Deceased’s informal will

  1. On 24 April 2014 the deceased made an informal will (‘the informal document’). The informal document is a one-page document that is hand-written by the deceased. It is dated, headed ‘[t]his is the Will of Cameron Peter Leopold’ and signed by the deceased at the end of the page. The informal document does not comply with s 7 of the Wills Act 1997 (Vic) (‘the Wills Act’), as the deceased’s signature is not witnessed.

  1. By the informal document, the deceased:

(a)   does not appoint an executor;

(b)  includes an unusual revocation clause which states ‘[the informal document] supersedes a Will I prepared and lodged while living in Sydney’;

(c)   gives ‘[a]ll my worldly possessions… to my father and mother — Peter and Brenda Leopold’ (‘Peter’ and ‘Brenda’ respectively);

(d)  deems ‘that up to 50% of the funds available on my death may be used by my parents in any way they see fit to care for my son — Harrison Leopold’, and appoints his sister Nadia Leopold (‘Nadia’) to this responsibility in the event that his parents ‘become infirm’; and

(e)   states that ‘[w]hen my son reaches 21 years of age, the remaining funds shall be divided — 80% received by Harrison Leopold and 10% each to Ellie and Kye — my niece and nephew’ (for simplicity, (d) and (e) will be referred to collectively as ‘Harrison’s trust’).

Deceased’s 2003 will

  1. The deceased also executed a formal will on 18 July 2003 using a ‘will kit’ (‘the 2003 will’).  The deceased lodged the 2003 will with the DacStar Group, a company that provides for the secure storage of wills for an annual fee.  The deceased failed to respond to correspondence from the DacStar Group over a period of almost eight years and, in or around March 2014, the DacStar Group destroyed the original  2003 will due to non-payment of their account.  

  1. The 2003 will:

(a)   appoints Peter as executor;

(b)  appoints Nadia as substitute executor; and

(c)   distributes the estate equally between Peter and Brenda, with a gift over to Nadia should both Peter and Brenda predecease the deceased.

Plaintiffs’ application

  1. The plaintiffs are solicitors of the firm McKean Park, acting on behalf of  Cristie.  By a non-enduring power of attorney executed 29 June 2020 (‘the power of attorney’), Cristie purported to assign to the plaintiffs her right, as the guardian of Harrison, to apply for a grant of administration of the estate of the deceased.  As well as being Harrison’s guardian, Cristie is also a creditor of the estate in her personal capacity, pursuant to the extant family law property orders between herself, the deceased and his company.
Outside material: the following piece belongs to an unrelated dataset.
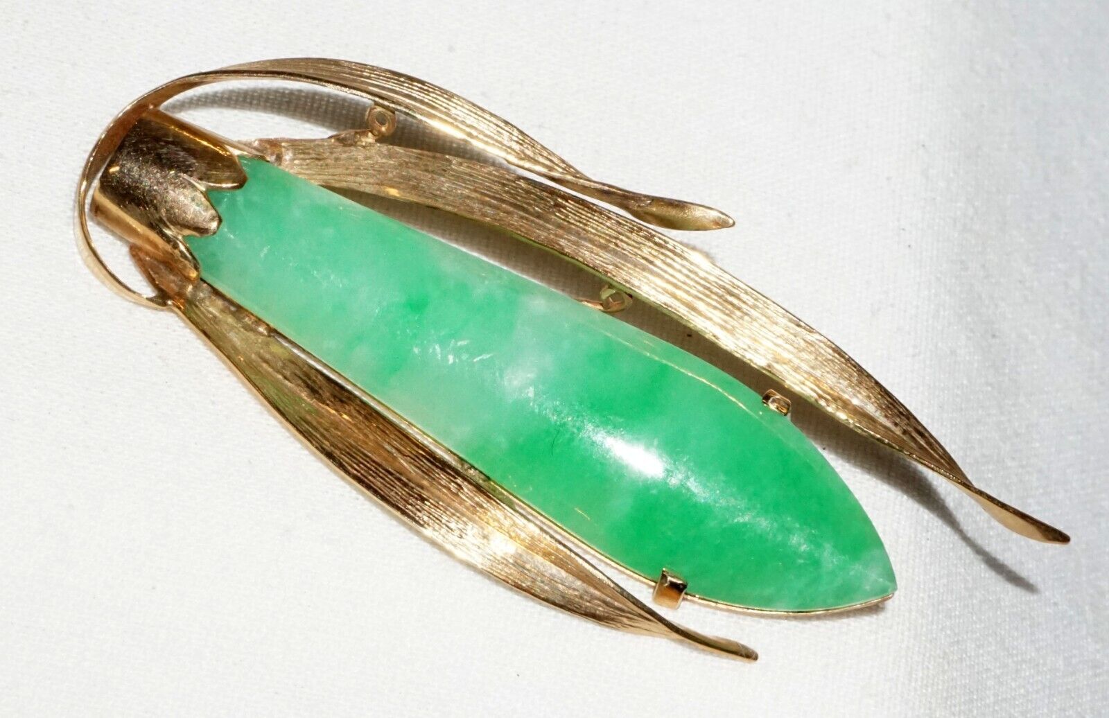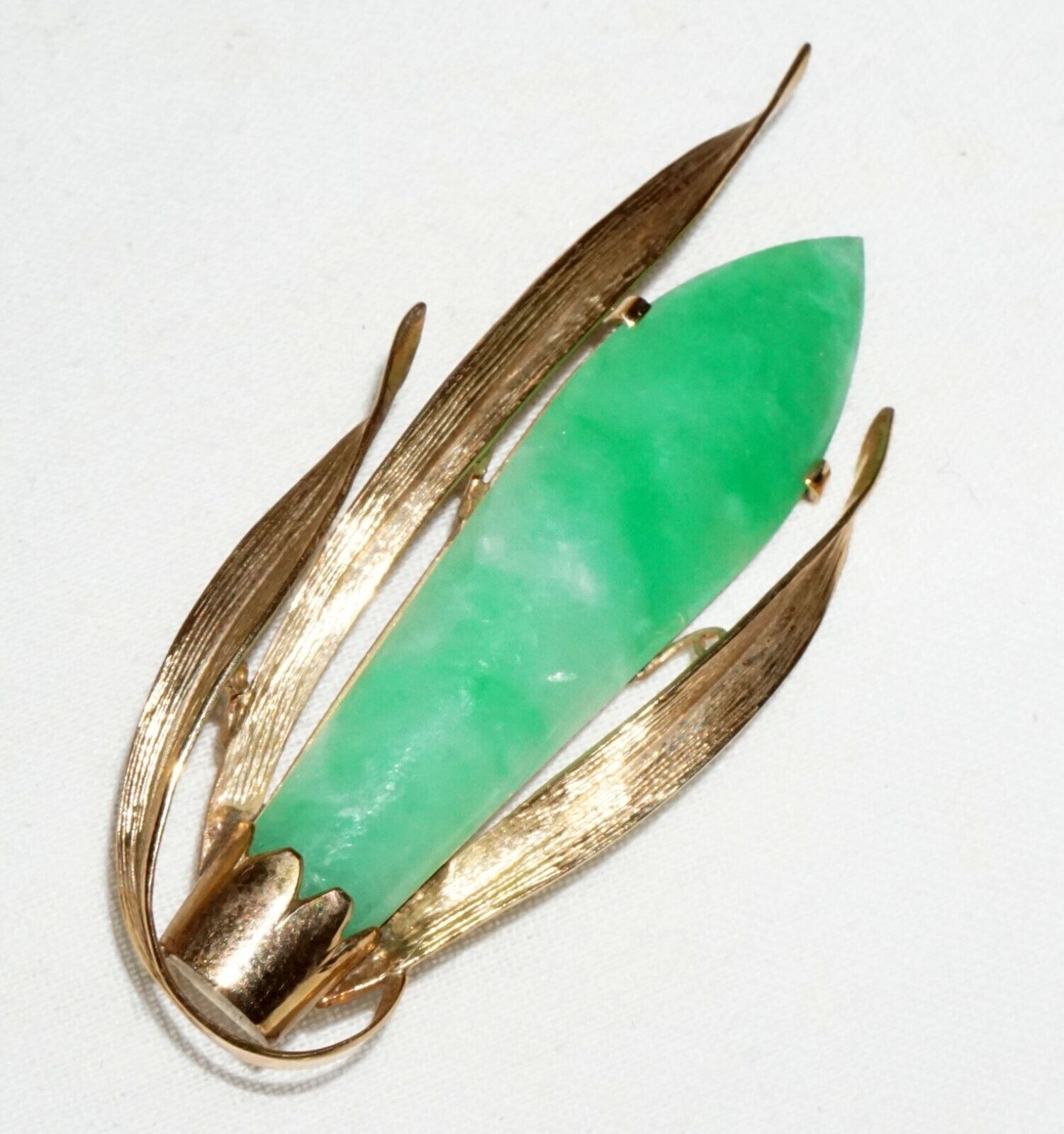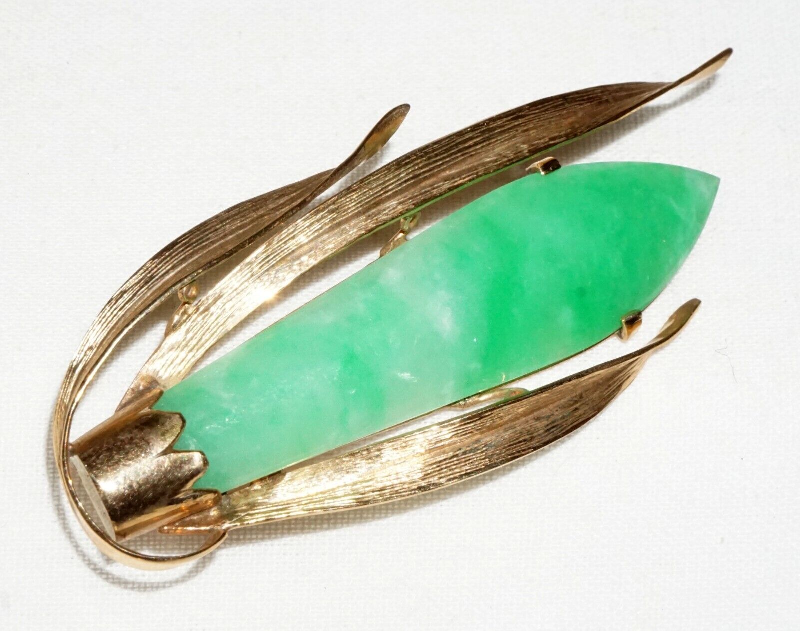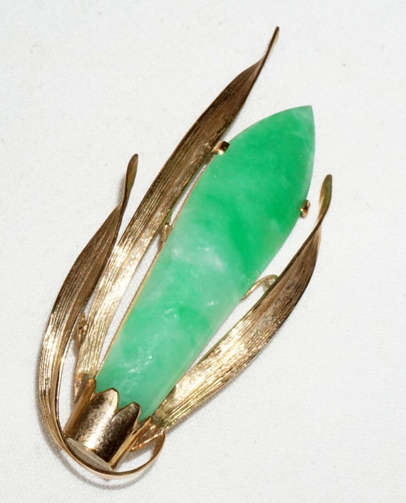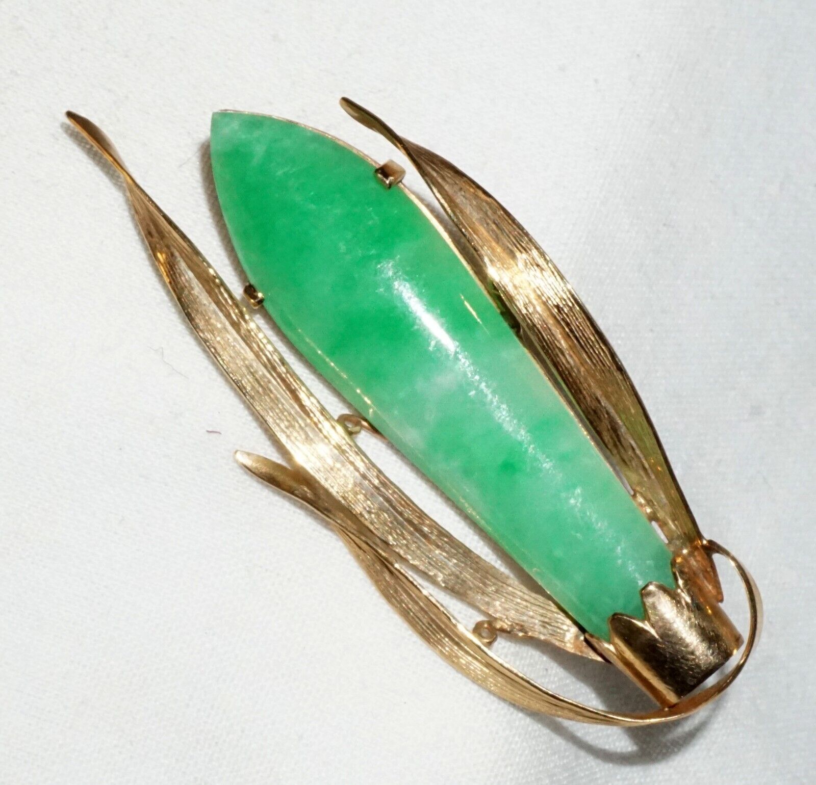 Vintage Chinese 14k Yellow Gold Brooch w. Apple Green Jadeite Jade Ming's (InS)

  1. By originating motion filed 14 July 2020 the plaintiffs sought a grant of administration of the estate with the ‘will dated 24 April 2014’  annexed.
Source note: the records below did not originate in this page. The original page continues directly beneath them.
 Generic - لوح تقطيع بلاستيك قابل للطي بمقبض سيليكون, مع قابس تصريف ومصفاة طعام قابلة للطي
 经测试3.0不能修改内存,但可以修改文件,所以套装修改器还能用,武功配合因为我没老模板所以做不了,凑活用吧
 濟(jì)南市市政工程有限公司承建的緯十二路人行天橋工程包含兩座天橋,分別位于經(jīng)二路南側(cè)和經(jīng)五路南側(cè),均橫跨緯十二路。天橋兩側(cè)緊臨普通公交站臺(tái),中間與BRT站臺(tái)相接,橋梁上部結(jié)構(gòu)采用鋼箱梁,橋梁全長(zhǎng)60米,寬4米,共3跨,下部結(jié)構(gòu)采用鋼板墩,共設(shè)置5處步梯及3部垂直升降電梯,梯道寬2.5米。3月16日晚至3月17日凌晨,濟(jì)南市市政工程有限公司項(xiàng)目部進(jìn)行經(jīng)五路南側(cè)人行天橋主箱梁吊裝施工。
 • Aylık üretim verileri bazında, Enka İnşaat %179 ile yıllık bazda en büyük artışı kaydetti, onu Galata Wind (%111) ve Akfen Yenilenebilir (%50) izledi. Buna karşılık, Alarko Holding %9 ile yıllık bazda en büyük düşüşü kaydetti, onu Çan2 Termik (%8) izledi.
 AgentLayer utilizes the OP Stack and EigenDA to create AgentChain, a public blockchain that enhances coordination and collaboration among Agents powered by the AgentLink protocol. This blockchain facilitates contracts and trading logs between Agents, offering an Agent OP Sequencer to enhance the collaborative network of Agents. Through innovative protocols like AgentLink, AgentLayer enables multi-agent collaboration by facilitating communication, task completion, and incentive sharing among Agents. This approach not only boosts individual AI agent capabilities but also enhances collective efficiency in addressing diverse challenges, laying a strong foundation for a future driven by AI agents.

  1. Notably, the plaintiffs’ application failed to mention that the ‘will dated 24 April 2014’   was put forward as an informal will, that the plaintiffs were acting in their capacity as attorneys of Cristie in her capacity as guardian of Harrison, who is the principal beneficiary under the informal document and a minor, and that they were actually seeking a grant of letters of administration of the estate of the deceased with the informal document annexed. 

  1. They also failed to specify whether the application was for a grant durante minore aetate or whether it was made pursuant to r 5.01 of the Supreme Court (Administration and Probate) Rules 2014 (‘the Rules’), although a limited grant of similar effect was mentioned as perhaps contemplated in the affidavit of the second plaintiff sworn 14 September 2021, after the originating motion had been filed.
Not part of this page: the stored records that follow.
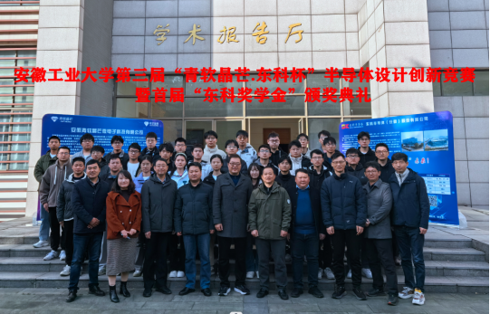 12月2日,微数学院在图书馆大明报告厅举办第三届“青软晶芒-东科杯”半导体设计与创新竞赛暨首届东科奖学金颁奖仪式。东科半导体(安徽)股份有限公司、安徽青软晶芒微电子科技有限公司、讯喆微电子合肥有限公司、南京优奈特信息科技有限公司等单位领导、企业专家以及学院领导班子、部分师生参加。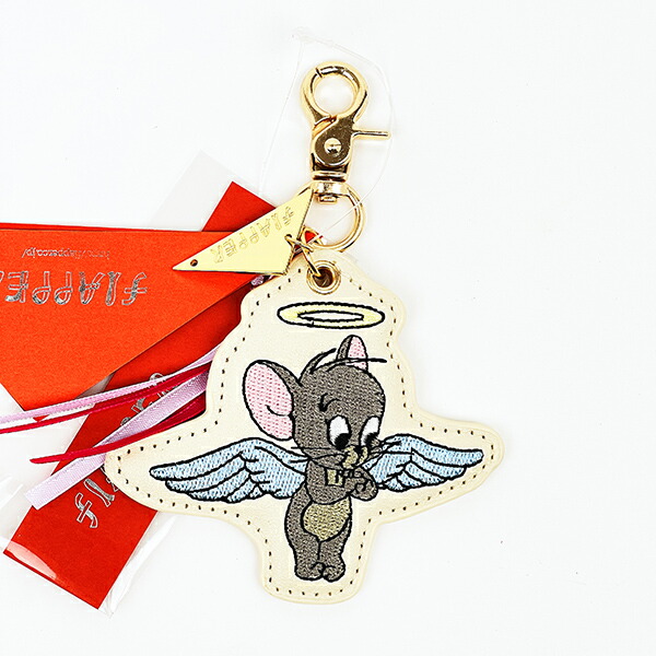 トムとジェリー ジェリー 天使と悪魔刺繍チャーム アイボリー トムジェリ
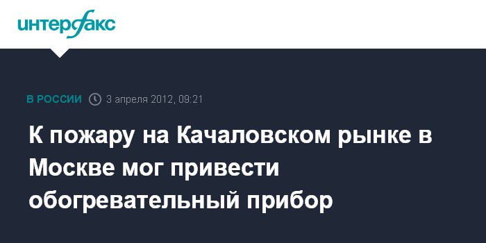 Москва. 3 апреля. INTERFAX.RU - Причиной пожара в пристройке к ангару на Качаловском рынке, где погибли 12 человек, могла стать неисправность обогревательного прибора или нарушение правил его эксплуатации, сообщил "Интерфаксу" во вторник источник в правоохранительных органах.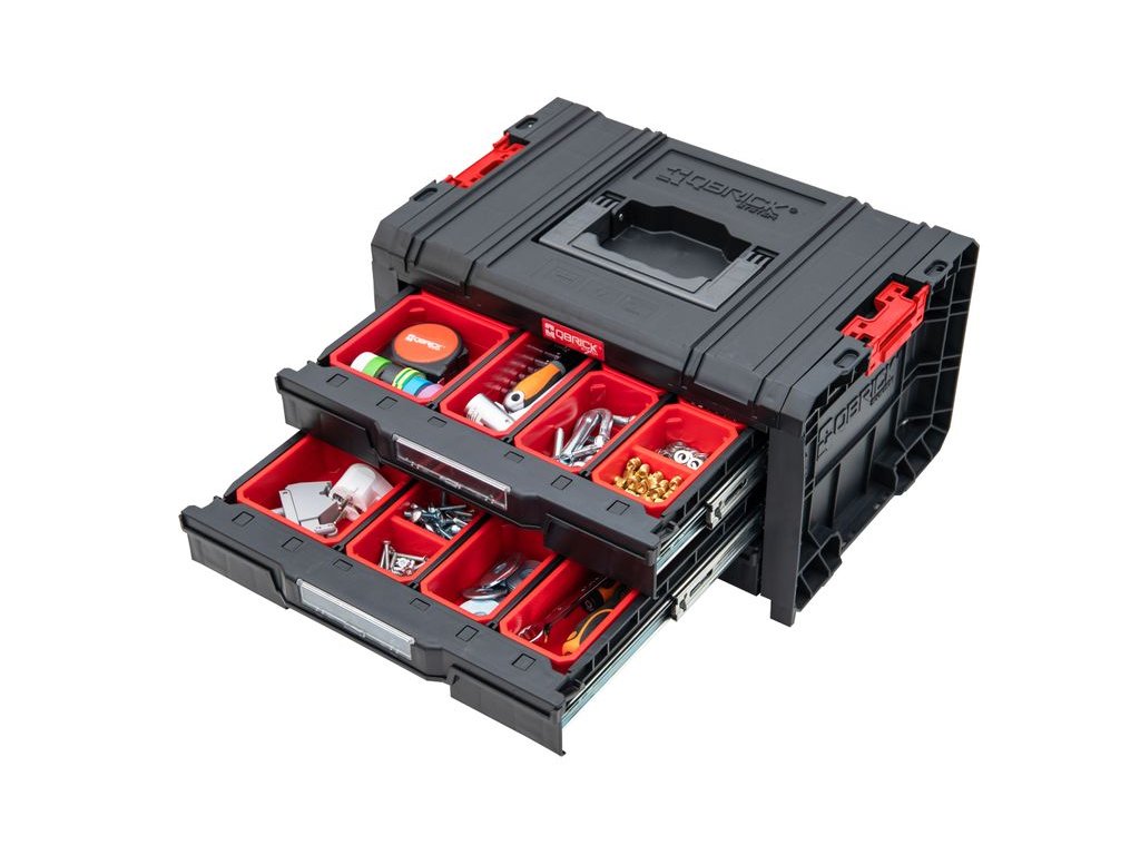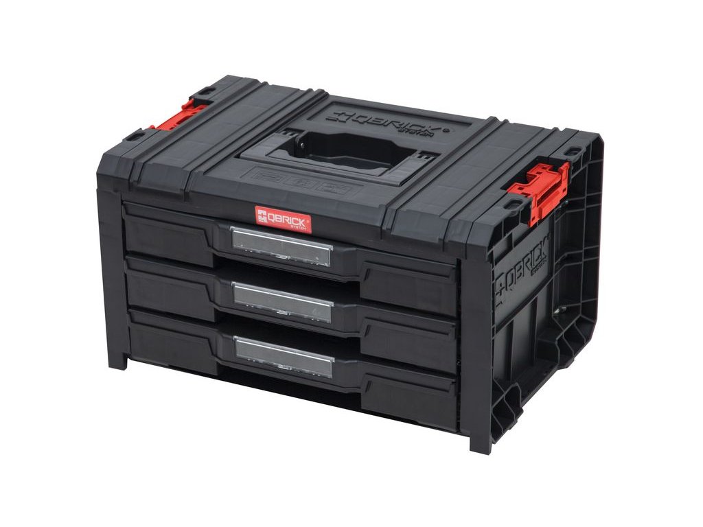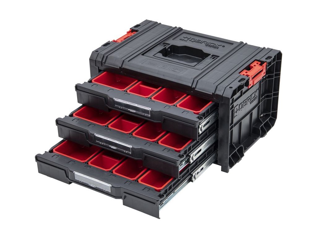 Zásuvkový organizér QBRICK s troma praktickými zásuvkami Vám zjednoduší Vašu prácu v dielni. Zásuvkový organizér na diely má tri praktické zásuvky určené na šrubky, klince a iný drobný materiál. Box zásuvkový si samozrejme môžete presúvať kam potrebujete vďaka silnému držadlu. Hmotnosť: 6, 75 kg.

  1. On the question of standing, in their written submissions, the plaintiffs sought to rely on r 5.01(1) of the Rules for a grant during minority; r 5.02 of the Rules for a grant under peculiar circumstances; and s 30 of the Trustee Act 1958 (Vic) (‘the Trustee Act’) to claim that the estate was under trusteeship awaiting a grant. In the alternative, they sought a grant of letters of administration with the informal document annexed, subject to it being formally admitted to probate, pursuant to s 9 of the Wills Act.

  1. By orders of Judicial Registrar Englefield made 30 July 2021, Peter, Brenda, Nadia (in her capacity as parent to the deceased’s nephew Kye McConnell (‘Kye’)) and the deceased’s niece Ellie McConnell (‘Ellie’) were each served with notice of the application and given the opportunity to be joined as defendants, provided that any such application be made by summons issued on or before 20 August 2021.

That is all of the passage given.